The eigenvalues are the roots of $(3-x)(-1-x) = -3 -3x +x +x^2 = x^2 -2x -3$
 
Why did you take it out of the neat little product form?
 
Well, you can read off $x = 3,x = -1$ from the first term
 
Wont the eigenvalues be 3 and -1?
Yeah
OH
GODDAMMIT
-1
 
3:24 PM
Yeah, so why did you take $A - 1I$ and not $A - (-1)I$ :)
 
JESUS CHRIST
No wonder the exercise was hard lol
 
It happens
 
3:39 PM
@BernardMeurer "lester"
 
3:54 PM
The quotes here are completely useless because you did not define what definition for "speed of light" you are talking about. As JohnRennie's answer shows, the local speed of light is constant for all observers, the coordinate speed is not. The answer does nothing to clear up this confusion. — ACuriousMind ♦ 1 min ago
 
yo @ACuriousMind you know how you can express the position vector $\mathbf r$ as spherical harmonics times circular-polarization unit vectors?

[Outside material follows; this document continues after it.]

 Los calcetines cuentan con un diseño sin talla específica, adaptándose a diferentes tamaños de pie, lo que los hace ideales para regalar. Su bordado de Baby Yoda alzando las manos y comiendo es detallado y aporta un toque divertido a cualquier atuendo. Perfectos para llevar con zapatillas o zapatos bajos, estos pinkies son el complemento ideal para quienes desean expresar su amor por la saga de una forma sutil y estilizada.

do you know off-hand any quick references for that stuff?
 
Though unlike most of Valev's answers it is not egregiously wrong
 
Also - this was pretty much what I wanted to comment just from seeing the title
 
@EmilioPisanty I'm afraid I don't know what you mean
 
@ACuriousMind never mind
too much trouble to explain
 
3:58 PM
@JohnRennie Yes, but it's not helpful either. As the question seems to be reasonably popular (thought not hot (yet)), I didn't want to leave the downvoted answers who pride themselves on citing Einstein & co. without an explanatory comment why they're being downvoted.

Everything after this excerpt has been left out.